After some Oracle Database Deadlock issues which led to multiple DB sessions having to be killed, the OWP process seems to be always busy, displaying 100% utilization all the time (B01, B10 and B60).
A Cold-Start was performed while starting the Automation Engine a while ago while being on a version inferior to 12.3.4
Nothing appears in the OWP log that could explain why it's continuously busy.
There are just a few records in the MQOWP table (less than 10) and they seem to be processed quickly enough.
The load seems to derive from a specific client, on this case it's Client 150 according to the Chart/Table view in Processes and Utilization:
How to investigate in order to find out what is causing this high utilization of the OWP process?

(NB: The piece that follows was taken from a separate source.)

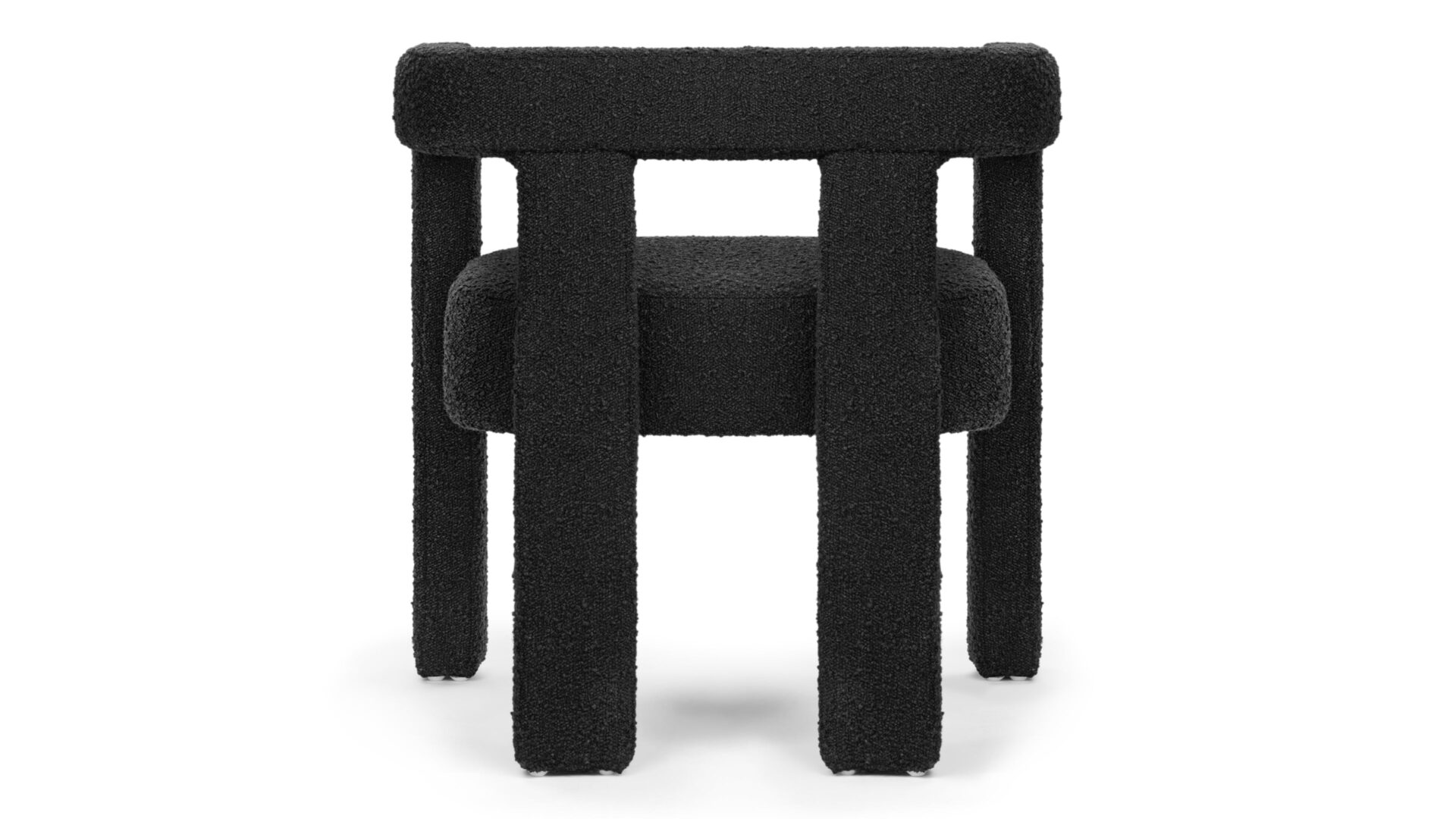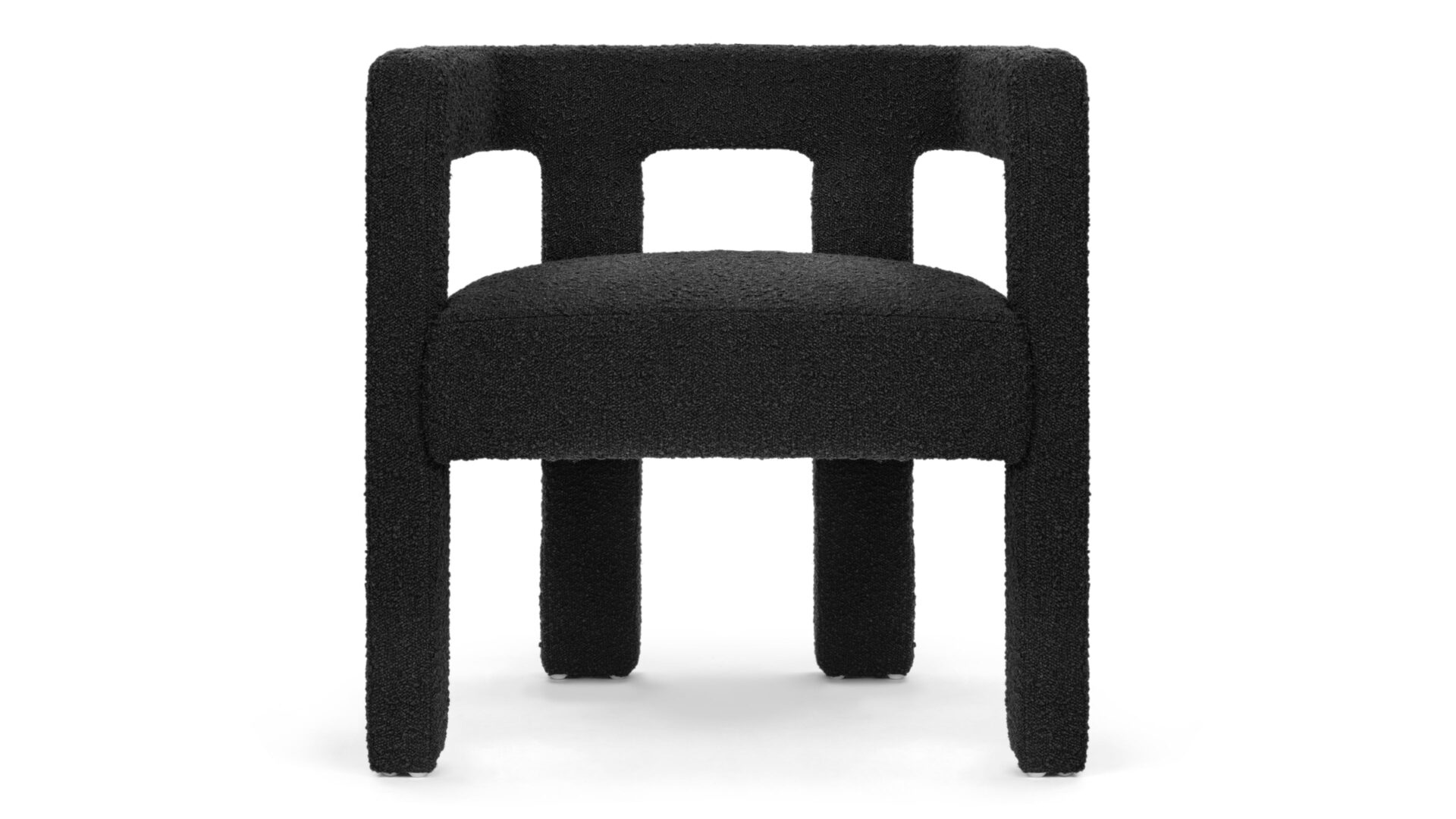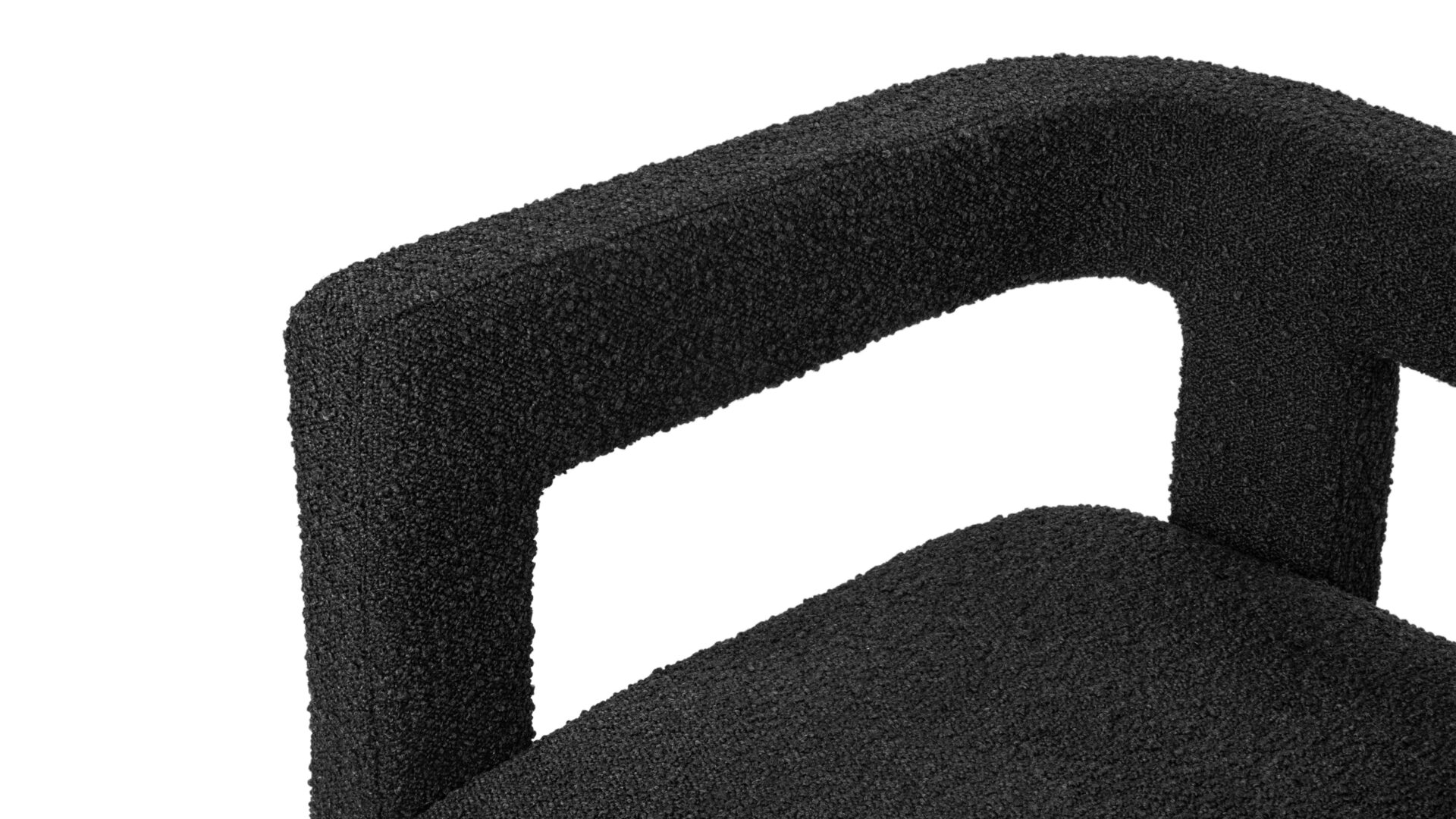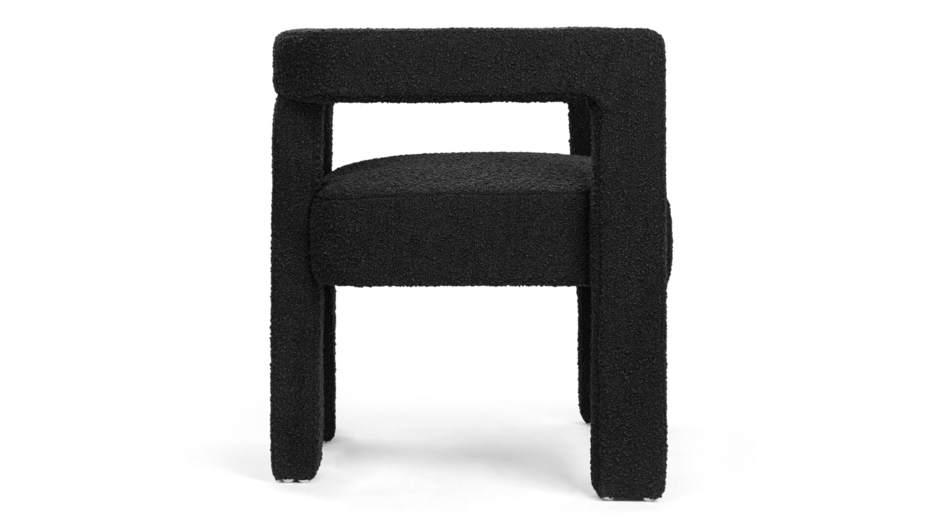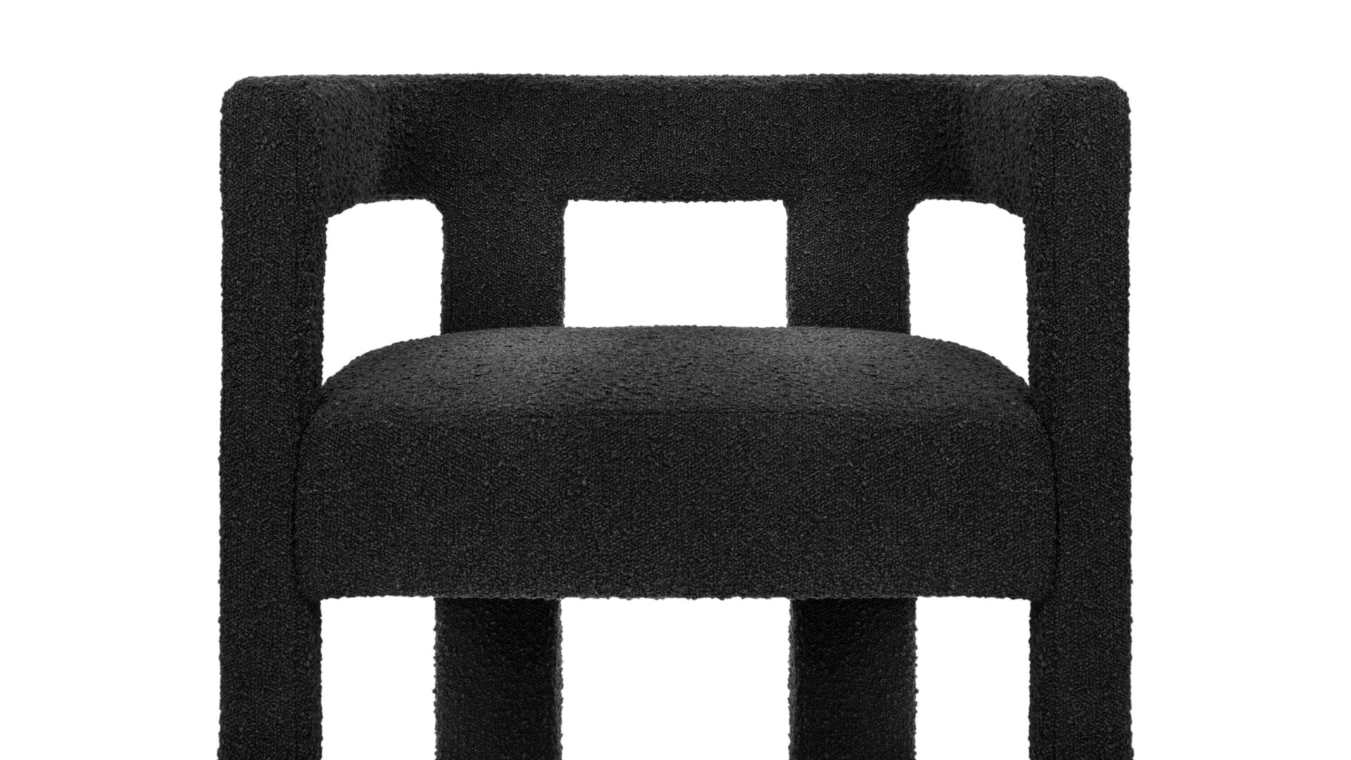 Experience the modern Italian charm of the Tala Armchair, featuring a sophisticated design with straight legs and a curved backrest. Upholstered in stylish black fabric, this piece is a true standout.

This issue is caused by the ColdStart of the system that removed the JPEND message from the MQWP table so the Workflow could not be deactivated and the OWP would loop trying to process it continuously.
Release : 12.x
Component : AUTOMATION ENGINE
In order to troubleshoot this kind of issues we need to do the following:
1. Enable the traces tcpip=2 and database=4 on the impacted WP process via AWI for two/three minutes, then set them again to 0.
2. Perform an analysis on the OWP associated trace log file WPsrv_trc_XXX_00.txt with a Text editor like RS File Viewer (rsview) that is available in the tools/no_supp folder of the AE image.
a. Look for the string RCV and count the number of lines and see which is the one that appears most the time.
On this case, out of 7567 RCV lines, 7215 were like the following one:
20200901/125229.256 - JPEXEC_R RCV DEACT frm UC4D#WP003 MQWP MsgID: 1092364862 c-acv: 00000000
b. Do a search that will print the next fifth line as that will be the associated Runid that OWP tries to Deactivate.
Click on Edit - Select Lines and paste the exact string from above: "RCV DEACT" and Successor=5 (to also select the 5th line that appears after the DEACT message)
c. Then click on Display selection and you should find the duplicated Runids (EH_AH_Idnr) that keep appearing all the time, on this case 816263749 and 816310224:
3. To remove these runIDs and break the loop there are 2 options:
This is explained on the following article, for which you should contact Broadcom Technical Support to provide the necessary statements.
Once one of these options is applied the OWP process utilization will start to consume what is left in the OWP queue and utilization will eventually drop to 0.
Update to a fix version listed below or a newer version if available.
Automation.Engine 12.1.9 - Available
Automation.Engine 12.2.7 - Available
Automation.Engine 12.3.4 - Available
Not all cases of a looping OWP are solved by the upgrade.